Exercise instructions
Would you retype the entries from the first line to the line bearing "SHOCK KUNCI SET", both included, leaving out every picture?
####################
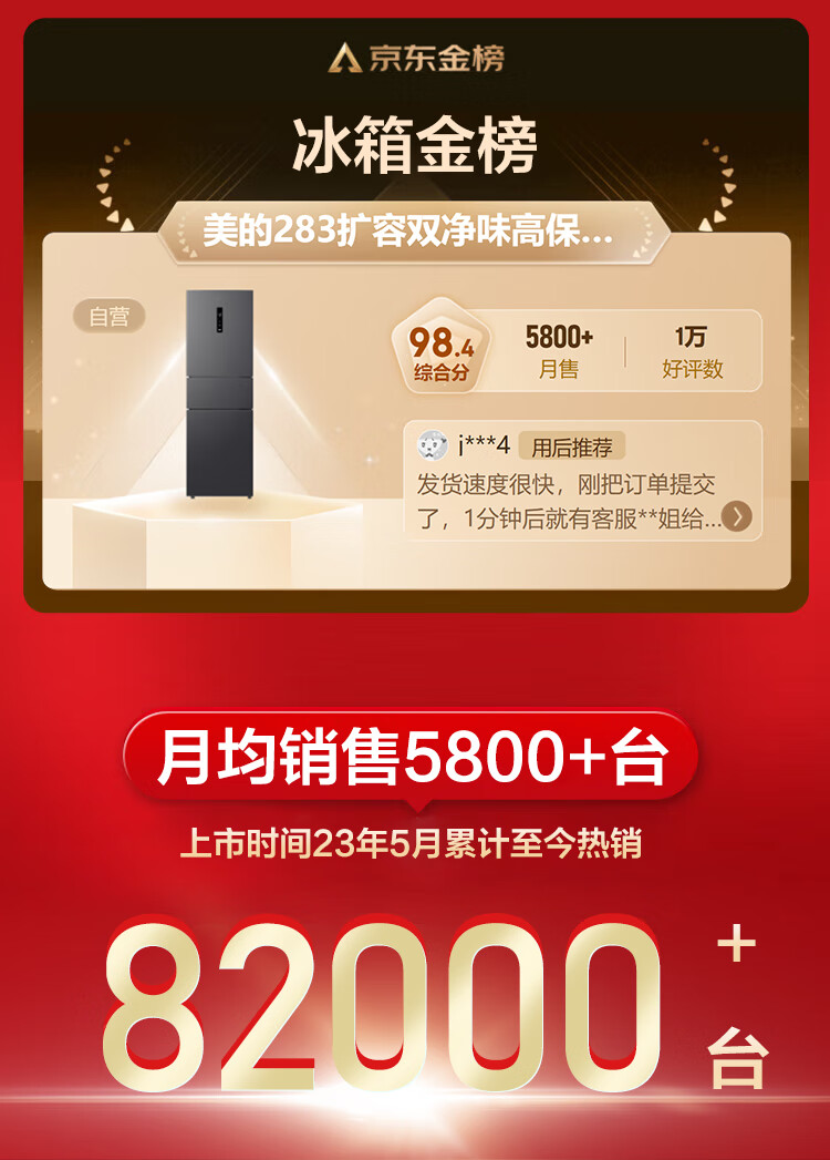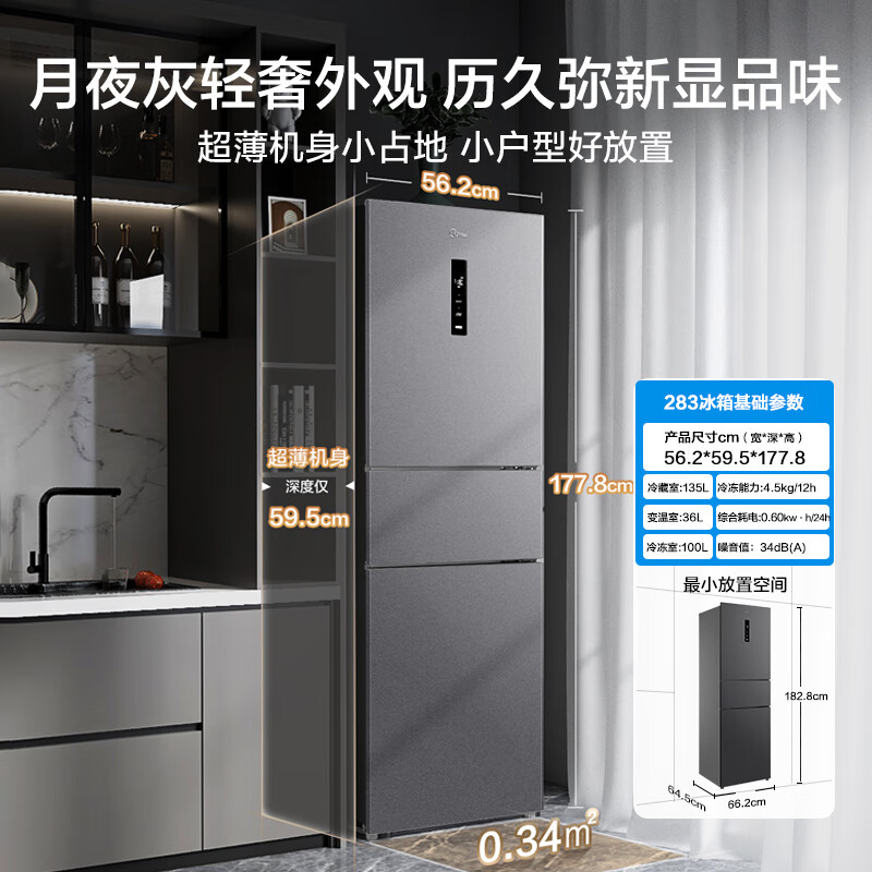 美的(Midea)三门三开门大容量家用小型电冰箱一级能效风冷无霜双净味租房宿舍低噪小冰箱MR-283WTPZE以旧换新
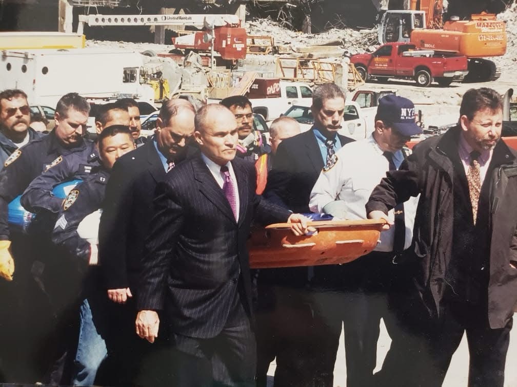 Moments prior as Detective McNally described, he and Detective Richards had met up with Sergeant Curtin on the plaza, asking the team what they needed, Sergeant Curtin requested the detectives head down to West and Vesey Street where numerous ambulances had been staged and retrieve for the team a backboard.
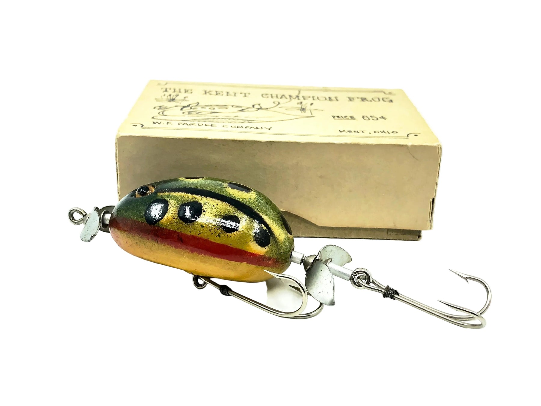 Club Lure Reproduction Pflueger Kent Champion Frog. Great reproduction with hand-drawn artwork. About 2 1/4" body not including hardware. Unknown who made this, though it was made in the early days of the NFLCC as a club lure. Very collectible and tough to find. Lure and box are both in nice shape with just minor storage wear. Simply beautiful lure. See photos.
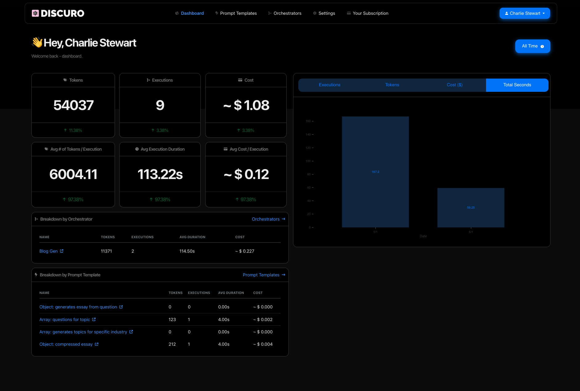 Discuro is an all-in-one platform for developers looking to quickly and easily build and test complex AI work-flows. With Discuro, users can define their work-flows in an easy-to-use UI, and then make one API call to execute their work-flows. Discuro also enables users to monitor AI usage across work-flows and add meta-data to build bigger data-sets. This allows users to better understand how their customers are using AI apps and find opportunities for optimisation.
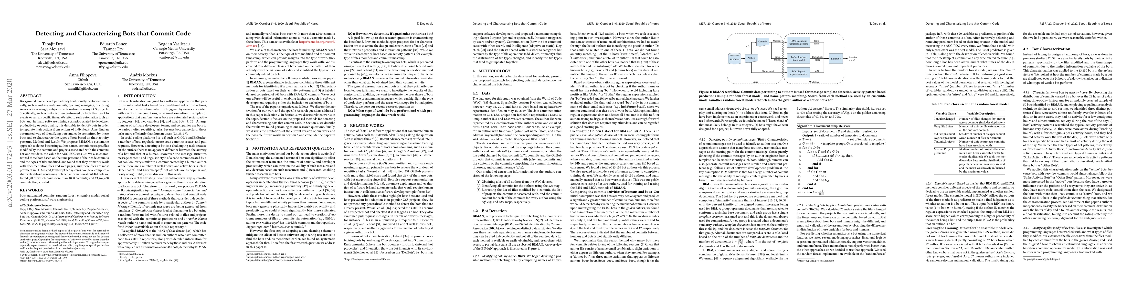 Researchers develop BIMAN to identify bots in open-source projects by analyzing author names, commit messages, and file modifications, achieving an AUC-ROC score of 0.9. The study characterizes bot behavior and finds they primarily work with documentation files in HTML and JavaScript ecosystems.
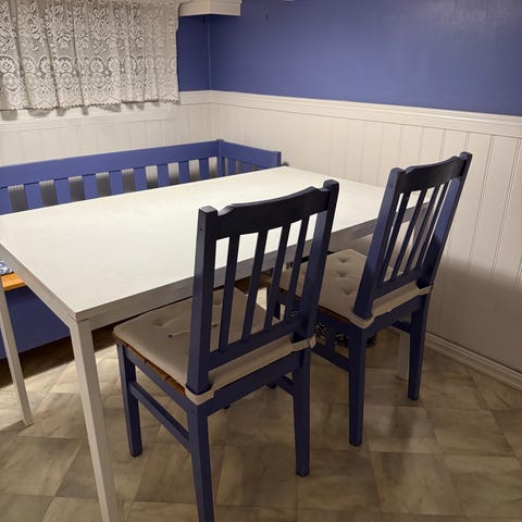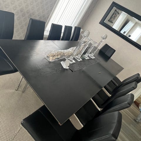 Stor spisebord 240 lengde når den er åpen. 180 cm når bordet er klappet sammen. Stoler følger med
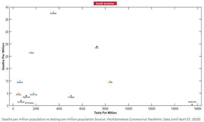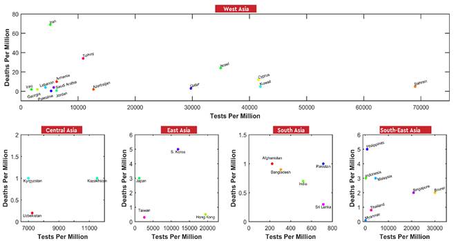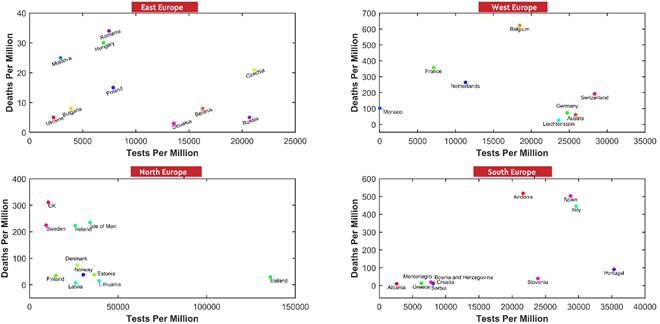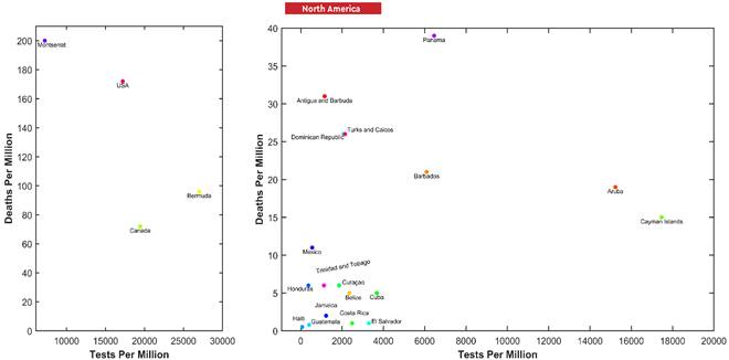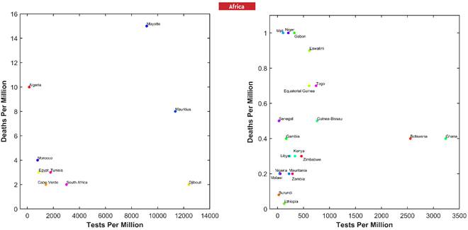 In this context, we regard the most important question to be whether high testing rates are associated with lower death rates. Reduced mortality is the ultimate objective of our response to the Covid-19 epidemic. To answer this, we examined the relationship of tests per million and deaths per million in a number of countries grouped into geographic zones (see graphics). There was no relationship between testing rates and mortality rates in any region. Even on taking all countries together, there is no correlation to suggest that high testing rates are associated with lower mortality.
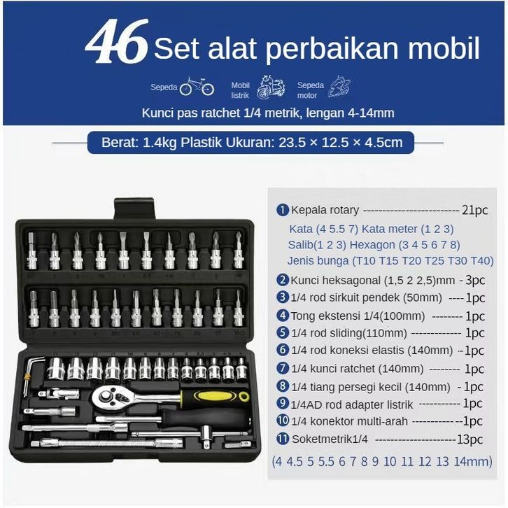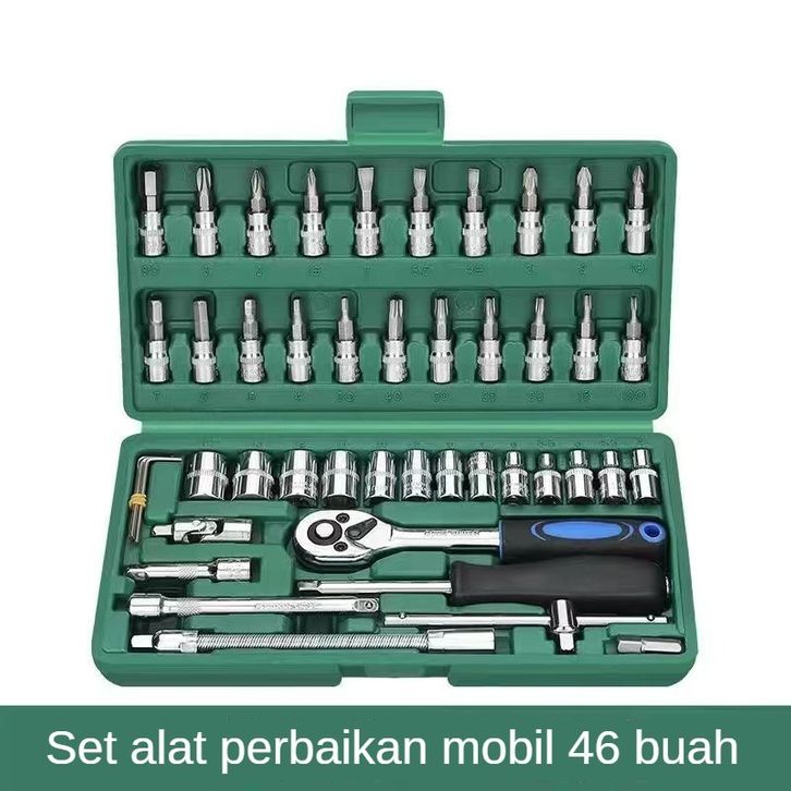 SHOCK KUNCI SET 46PCS KUNCI SHOCK LENGKAP 1/4 SOCKET UNIVERSAL KUNCI BENGKEL KUNCI SET
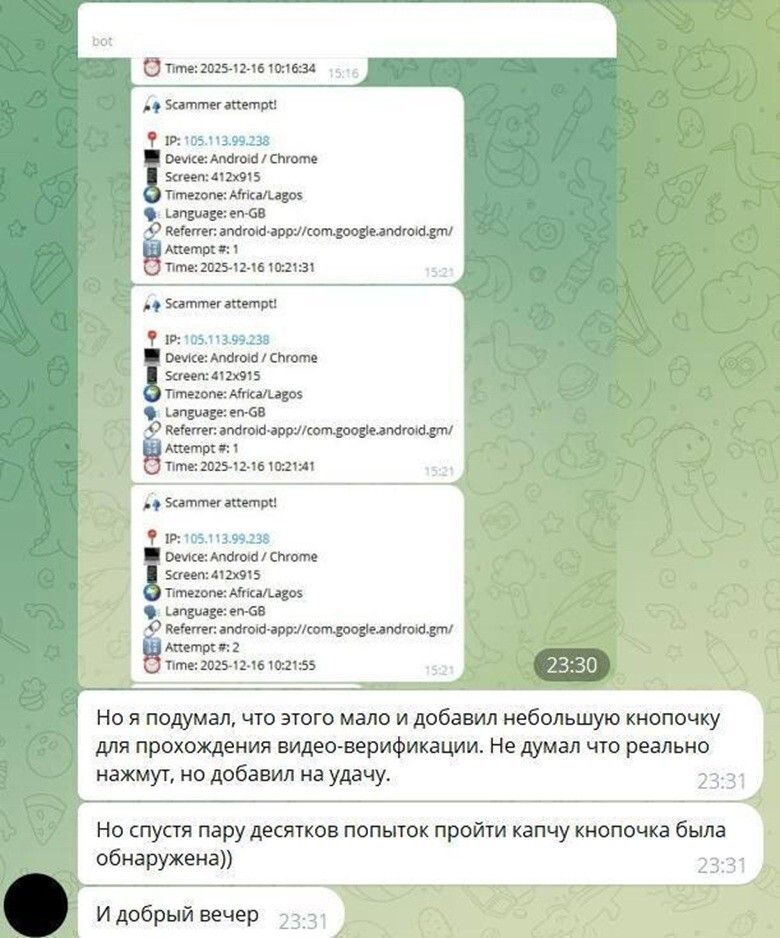 Мошенник попался на удочку и принялся упорно решать нерешаемую задачу. Он провозился с капчей больше часа, неоднократно обновляя страницу и пытаясь найти лазейку.
####################
Solution
 美的(Midea)三门三开门大容量家用小型电冰箱一级能效风冷无霜双净味租房宿舍低噪小冰箱MR-283WTPZE以旧换新
 Moments prior as Detective McNally described, he and Detective Richards had met up with Sergeant Curtin on the plaza, asking the team what they needed, Sergeant Curtin requested the detectives head down to West and Vesey Street where numerous ambulances had been staged and retrieve for the team a backboard.
 Club Lure Reproduction Pflueger Kent Champion Frog. Great reproduction with hand-drawn artwork. About 2 1/4" body not including hardware. Unknown who made this, though it was made in the early days of the NFLCC as a club lure. Very collectible and tough to find. Lure and box are both in nice shape with just minor storage wear. Simply beautiful lure. See photos.
 Discuro is an all-in-one platform for developers looking to quickly and easily build and test complex AI work-flows. With Discuro, users can define their work-flows in an easy-to-use UI, and then make one API call to execute their work-flows. Discuro also enables users to monitor AI usage across work-flows and add meta-data to build bigger data-sets. This allows users to better understand how their customers are using AI apps and find opportunities for optimisation.
 Researchers develop BIMAN to identify bots in open-source projects by analyzing author names, commit messages, and file modifications, achieving an AUC-ROC score of 0.9. The study characterizes bot behavior and finds they primarily work with documentation files in HTML and JavaScript ecosystems.
 Stor spisebord 240 lengde når den er åpen. 180 cm når bordet er klappet sammen. Stoler følger med
 In this context, we regard the most important question to be whether high testing rates are associated with lower death rates. Reduced mortality is the ultimate objective of our response to the Covid-19 epidemic. To answer this, we examined the relationship of tests per million and deaths per million in a number of countries grouped into geographic zones (see graphics). There was no relationship between testing rates and mortality rates in any region. Even on taking all countries together, there is no correlation to suggest that high testing rates are associated with lower mortality.
 SHOCK KUNCI SET 46PCS KUNCI SHOCK LENGKAP 1/4 SOCKET UNIVERSAL KUNCI BENGKEL KUNCI SET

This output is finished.